··· DATA LISTING ···

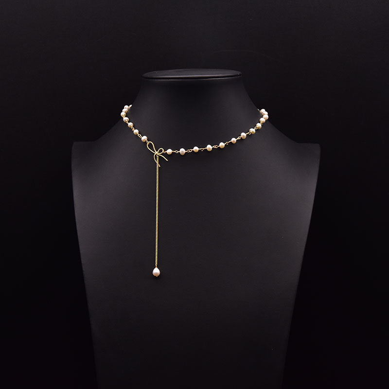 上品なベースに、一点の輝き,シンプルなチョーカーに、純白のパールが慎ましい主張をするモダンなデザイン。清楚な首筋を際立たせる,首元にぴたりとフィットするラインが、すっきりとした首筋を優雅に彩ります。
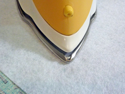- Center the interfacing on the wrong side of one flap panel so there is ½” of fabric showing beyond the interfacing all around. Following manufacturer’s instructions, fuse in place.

···
··· DATA LISTING ···

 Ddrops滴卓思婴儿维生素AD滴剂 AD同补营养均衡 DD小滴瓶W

···

▸ **TASK PROMPT**
Exactly the lines starting at the one above with "上品なベースに、一点の輝き,シンプルなチ" and ending at the one with "- Center the" should be printed, and nothing else. Omit the pictures.

▸ **YOUR SOLUTION**
 上品なベースに、一点の輝き,シンプルなチョーカーに、純白のパールが慎ましい主張をするモダンなデザイン。清楚な首筋を際立たせる,首元にぴたりとフィットするラインが、すっきりとした首筋を優雅に彩ります。
- Center the interfacing on the wrong side of one flap panel so there is ½” of fabric showing beyond the interfacing all around. Following manufacturer’s instructions, fuse in place.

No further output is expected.